Its aim is not to freeze history, but to orient humanity toward justice, responsibility, and accountability.

Judging ancient texts solely by modern social standards—without considering historical context—is not moral clarity; it is historical anachronism.


7. If non-religious people live ethical lives, what does that say about fitrah?

Many people point out—correctly—that atheists and non-religious individuals can be deeply moral, compassionate, and principled. Islam fully acknowledges this reality.

This does not undermine Islamic morality; it actually supports one of its central ideas: fiṭrah.

Fiṭrah refers to an innate moral awareness embedded in human nature. Islam does not claim that morality requires conscious belief in God at all times. It claims that:

  • God is the source of morality

  • Humans can recognize moral truth even if they deny the source

Just as someone can use logic without studying philosophy, a person can live morally without articulating theological foundations.

The Qur’an speaks to this innate awareness:

“And inspired the soul with its sense of right and wrong.” (Qur’an 91:8)

Moral atheists do not disprove God. They demonstrate that moral truth is discovered, not invented.


8. Is God necessary for meaning if atheists live fulfilled lives?

Another sincere question arises:

“If many atheists live happy, meaningful lives, why insist that God is necessary for meaning?”

Islam does not deny subjective meaning. People find fulfillment in relationships, creativity, service, and achievement. These experiences are real and valuable.

The question Islam raises is different:

  • Are these meanings ultimate or temporary?

  • Do they survive loss, injustice, and death?

Subjective meaning depends on circumstances. Objective meaning depends on truth.

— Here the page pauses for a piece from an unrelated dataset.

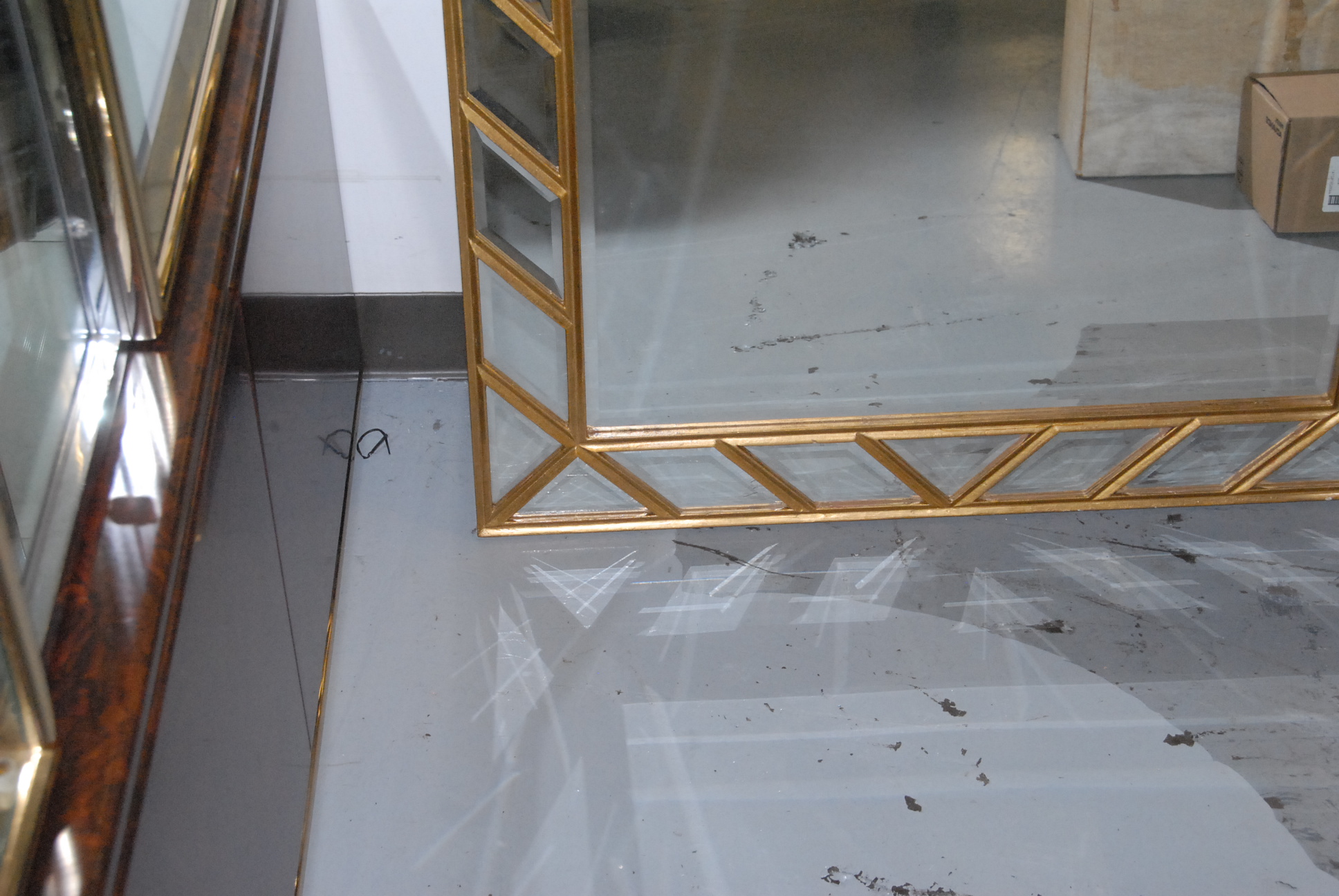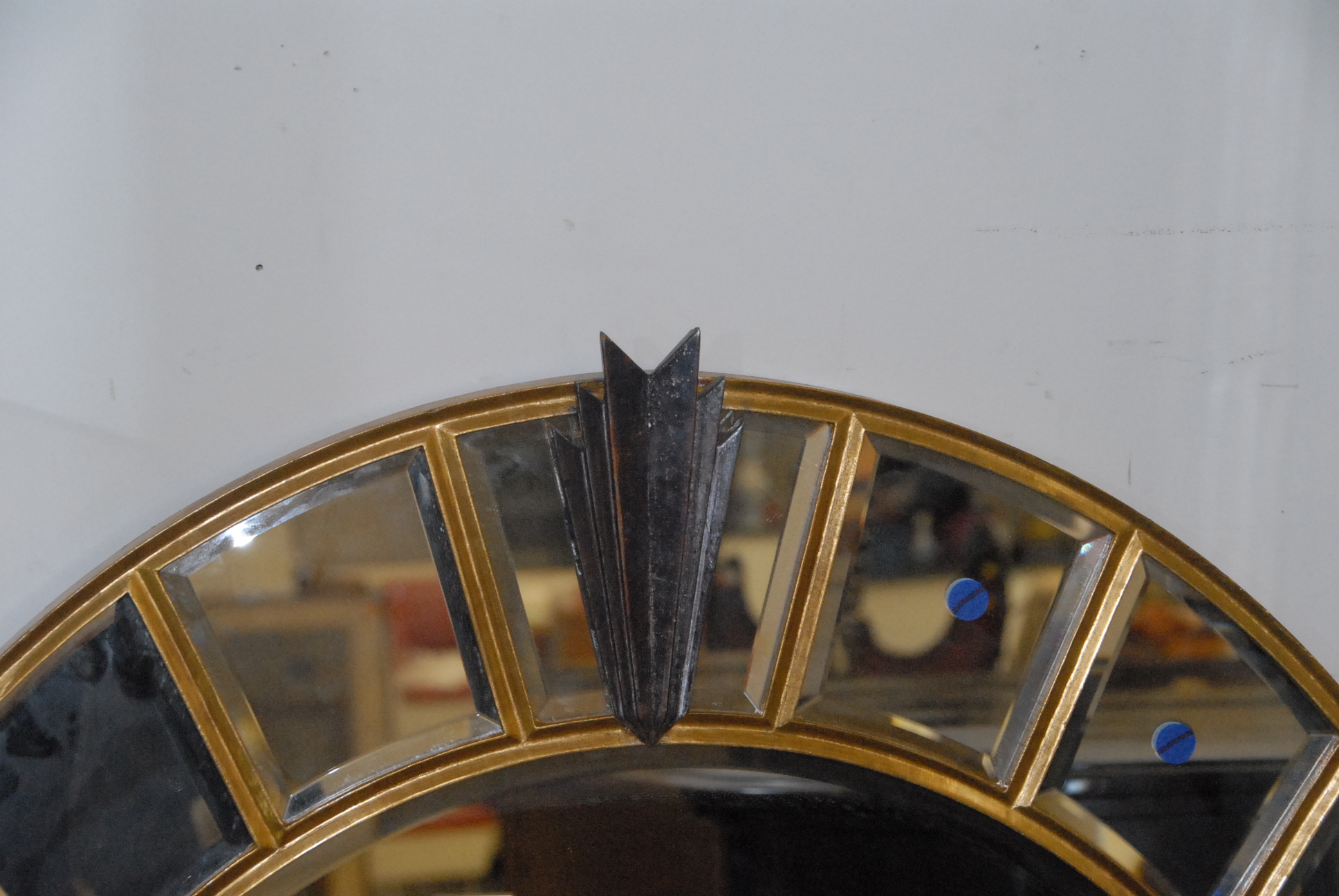 Attributed to karl Springer mirror with rounded top and beveled mirror.

If reality ends in oblivion, then meaning—no matter how deeply felt—ends with it. Islam argues that God grounds meaning beyond emotion, memory, or survival.

The Qur’an poses this question directly:

“Did you think that We created you aimlessly?” (Qur’an 23:115)

God does not negate human meaning; He anchors it so that sacrifice, justice, and moral struggle are not wasted.


Revelation, History, and Empirical Scrutiny

After discussing morality and evolution, many skeptics turn to a sharper question:

“Even if God exists, why trust this revelation?”

This is not an unreasonable question. Any claim of divine revelation must face historical, scientific, and evidential scrutiny. Islam does not shy away from this challenge—but it approaches it differently than modern myth-making or pseudo-scientific apologetics.


9. Why doesn’t the Qur’an clearly predict modern scientific discoveries?

A common objection runs like this:

“If the Qur’an is from God, why doesn’t it clearly predict modern science—without vague verses or retrofitted interpretations?”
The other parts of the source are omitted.